Jianfeng Xu et al. have used our MDR software to identify a four-locus interaction in a large case-control study of prostate cancer.

Xu et al. The interaction of four genes in the inflammation pathway significantly predicts prostate cancer risk. Cancer Epidemiol Biomarkers Prev. 2005 Nov;14(11):2563-8. [PubMed]

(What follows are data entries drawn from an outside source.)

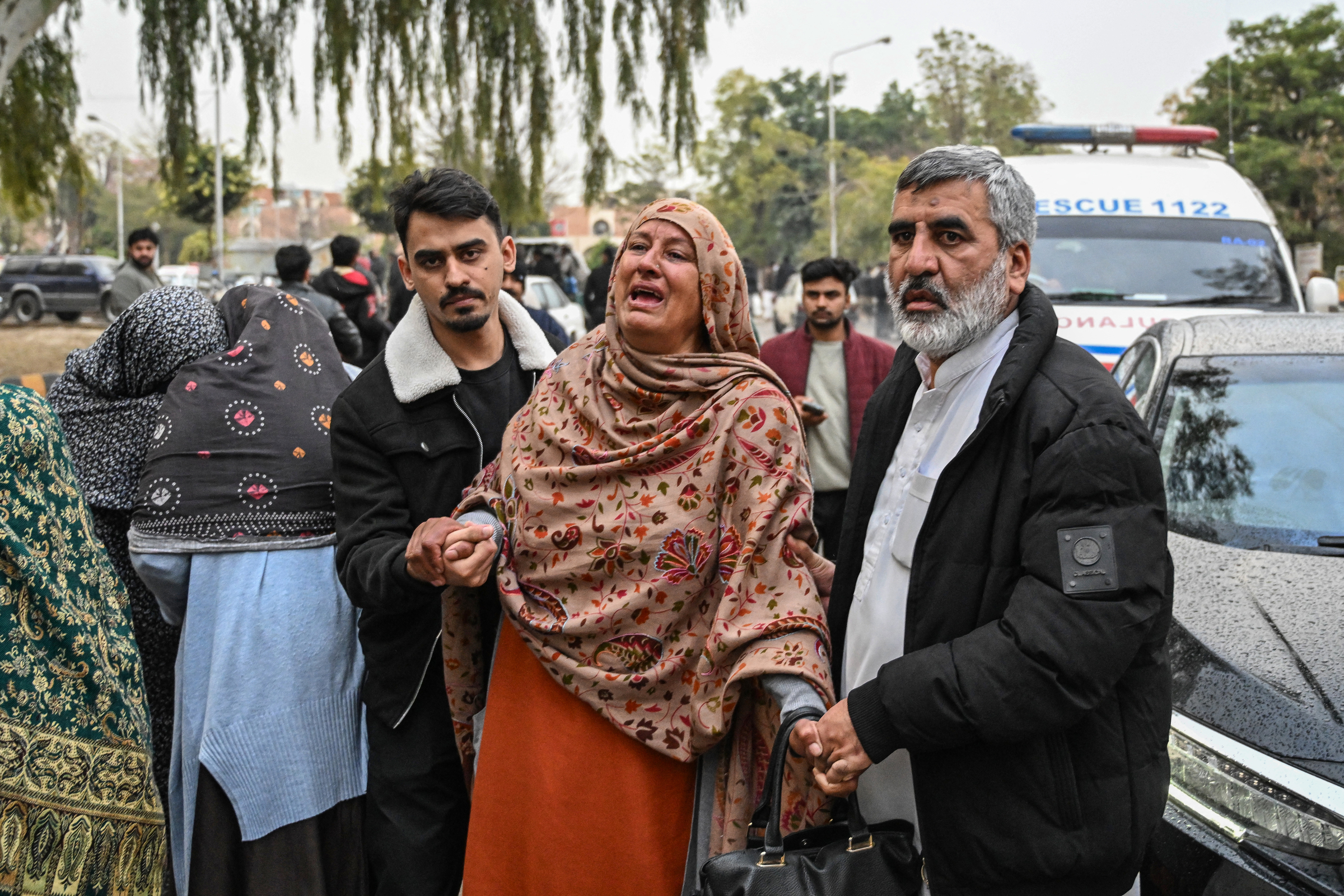 Relatives mourn victims killed in the Shiite mosque suicide bombing outside a hospital in Islamabad on 6/2. Photo: AFP
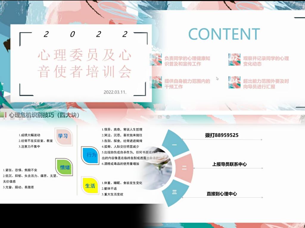 为落实心理健康中心进一步关注学生心理健康的要求提高外国语学院心音使者与各位宿舍长发现同学们心理问题的能力外国语学院于311日开展了宿舍长及心音使者线上培训会
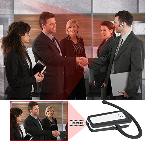 -. Feature : 【Mini Spy Camera】: this mini camera looks like an ordinary bluetooth headset, but it's not a real bluetooth earphone, only is a spy camera. The lens is hidden at the end of the headset, allows you to record what happens in front of you without drawing others' attentions. / 【Battery Operated Camera】: charging time:2 hours; battery capacity:350mAh; battery charging voltage:DC 5V; operating battery life time:1 hour / 【8GB Micro SD Card】: built-in 8GB Micro SD Card, but it can support 32GB Micro SD Card in Max. You can format your sd card before using. / 【Camcorder HD 1080P】: high definition camera, 1920×1080P HD video resolution, support taking photo function. / 【Hidden Video Recorder】: support real-time audio & video recording; support AVI video format.
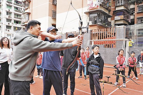 在大渡口区实验小学,台湾青年与学生一起体验射箭运动项目。记者 程卓 摄
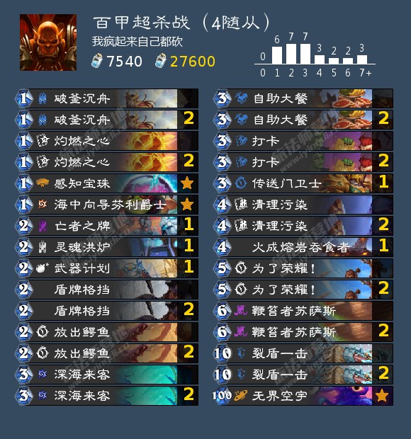 经过大量实战,黑石百甲冲锋战,真很不错!真心推荐给大家!另外超杀战还是可以玩的,这里推荐本文结尾的百甲超杀战。虽然当前超杀战还是很艰难。补丁回调了假卡放出鳄鱼,大地裂变也没什么好卡补强超杀,但是超杀之神永存我心!
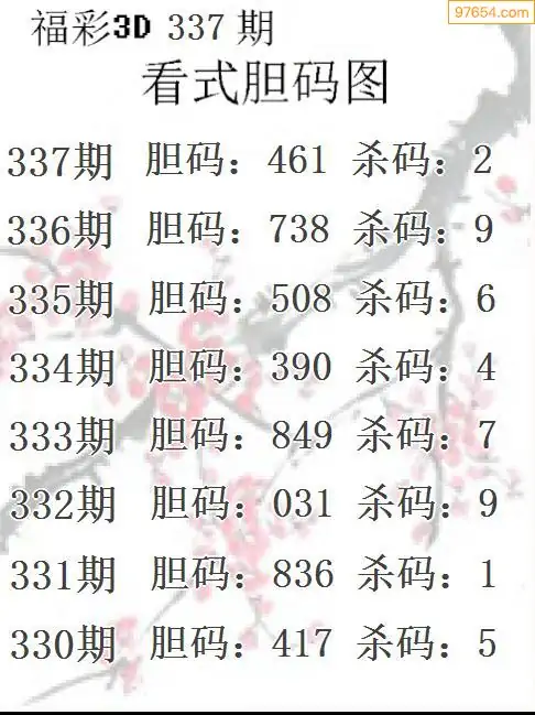 337期97654本站收集胆码出号预测

It is widely hypothesized that the interactions of multiple genes influence individual risk to prostate cancer. However, current efforts at identifying prostate cancer risk genes primarily rely on single-gene approaches. In an attempt to fill this gap, we carried out a study to explore the joint effect of multiple genes in the inflammation pathway on prostate cancer risk. We studied 20 genes in the Toll-like receptor signaling pathway as well as several cytokines. For each of these genes, we selected and genotyped haplotype-tagging single nucleotide polymorphisms (SNP) among 1,383 cases and 780 controls from the CAPS (CAncer Prostate in Sweden) study population. A total of 57 SNPs were included in the final analysis. A data mining method, multifactor dimensionality reduction, was used to explore the interaction effects of SNPs on prostate cancer risk. Interaction effects were assessed for all possible n SNP combinations, where n = 2, 3, or 4. For each n SNP combination, the model providing lowest prediction error among 100 cross-validations was chosen. The statistical significance levels of the best models in each n SNP combination were determined using permutation tests. A four-SNP interaction (one SNP each from IL-10, IL-1RN, TIRAP, and TLR5) had the lowest prediction error (43.28%, P = 0.019). Our ability to analyze a large number of SNPs in a large sample size is one of the first efforts in exploring the effect of high-order gene-gene interactions on prostate cancer risk, and this is an important contribution to this new and quickly evolving field.